Meditation on interdependence is to be practiced constantly, not only while sitting, but as an integral part of our involvement in all ordinary tasks. We must learn to see that the person in front of us is ourself and that we are that person. We must be able to see the process of inter-origination and interdependence of all events, both those which are happening and those which will happen.


A ride on the waves of birth and death

I cannot leave out the problem of life and death. Many young people and others have come out to serve others and to labour for peace, through their love for all who are suffering. They are always mindful of the fact that the most important question is the question of life and death, but often not realising that life and death are but two faces of one reality. Once we realise that we will have the courage to encounter both of them.

When I was only 19 years old, I was assigned by an older monk to meditate on the image of a corpse in the cemetery. But I found it very hard to take and resisted the meditation. Now i no longer feel that way. Then I thought that such a meditation should be reserved for older monks. But since then, I have seen many young soldiers lying motionless beside one another, some only 13, 14, and 15 years old. They had no preparation or readiness for death. Now I see that if one doesn’t know how to die, one an hardly know how to live – because death is a part of life. Just two days ago Mobi told me that she thought at 20 one was old enough to meditate on the corpse.

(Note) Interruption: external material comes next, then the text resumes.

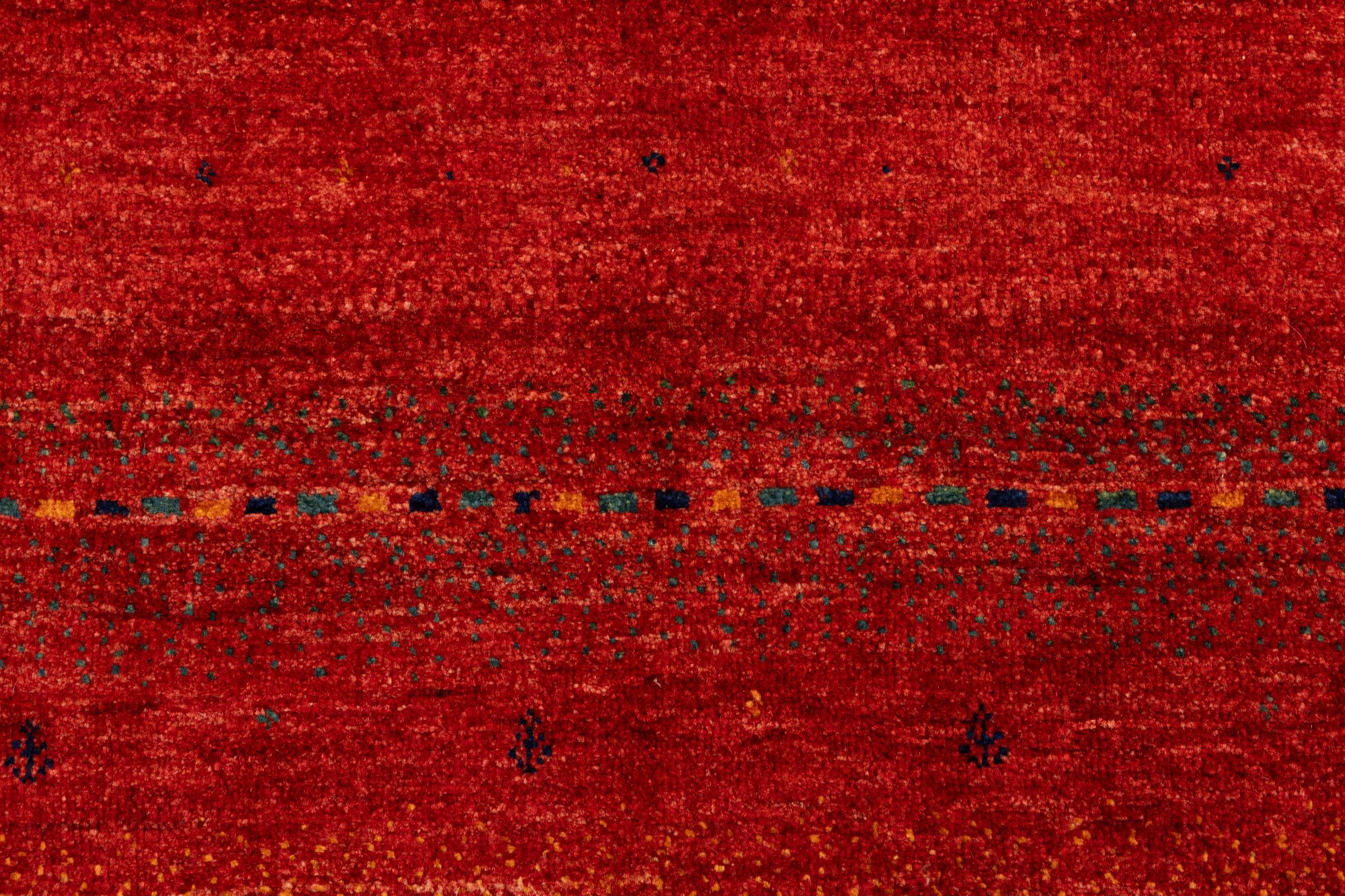 Ten piękny dywan jest perskim Gabbeh i dlatego należy do najwyższej jakości dywanów Gabbeh. Dywany są wiązane przez nomadów lub pół-nomadzi w Iranie zgodnie z tradycyjnym rzemiosłem. Proste motywy i wzory są w większości inspirowane bezpośrednim otoczeniem nomadów. Na przykład wielbłądy, drzewa lub krzewy można znaleźć na tradycyjnych dywanach. Perskie dywany Gabbeh wykonane są z wełny pochodzącej z lokalnie hodowanych stad owiec. Wełna jest więc w większości przypadków nadal obracana ręcznie. Tak więc każdy z tych orientalnych dywanów uosabia unikalny charakter wielowiekowej kultury.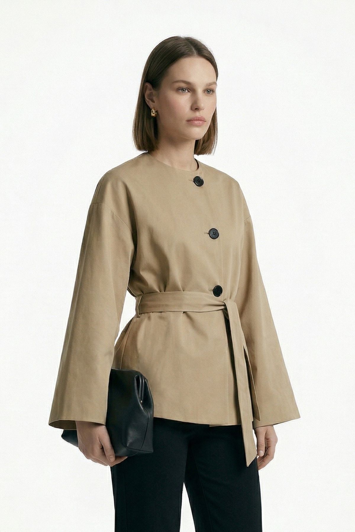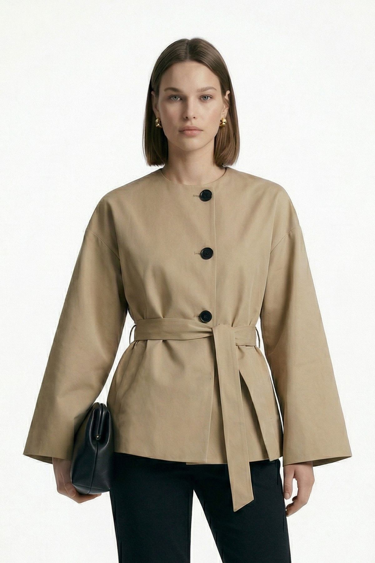 Vizon Regular Fit Bisiklet Yaka Kuşaklı Ceket 7672

She has only turned 21 herself.

We must look death in the face, recognise and accept it, just as we look at and accept life.

The Buddhist Sutra on Mindfulness speaks about the meditation on the corpse: meditate on the decomposition of the body, how the body bloats and turns violet, how it is eaten by worms until only bits of blood and flesh still cling to the bones, meditate up to the point where only white bones remain, which in turn are slowly worn away and turn into dust. Meditate like that, knowing that your own body will undergo the same process. Meditate on the corpse until you are calm and at peace, until your mind and heart are light and tranquil and a smile appears on your face. Thus, by overcoming revulsion and fear, life will be seen as infinitely previous, every second of it worth living. And it is not just our own lives that are recognised as precious, but the lives of every other person, every other person, every other being, every other reality. We can no longer be deluded by the notion that the destruction of others’ lives is necessary for our own survival. We see that life and death are but two faces of Life and that without both, Life is not possible, just as two sides of a coin are needed for the coin to exist. Only now is it possible to rise above birth and death, and to know how to live and how to die. The Sutra says that the Bodhisattvas who has seen into the reality of interdependence have broken through all narrow views, and have been able to enter birth and death as a person takes a ride in a small boat without being submerged or drowned by the waves of birth and death.

Some people have said that if you look at reality with the eyes of a Buddhist, you become pessimistic. But to think in terms of either pessimism or optimism oversimplifies the truth. The problem is to see reality as it is. A pessimistic attitude can never create the calm and serene smile which blossoms on the lips of the Bodhisattvas and all others who obtain the Way.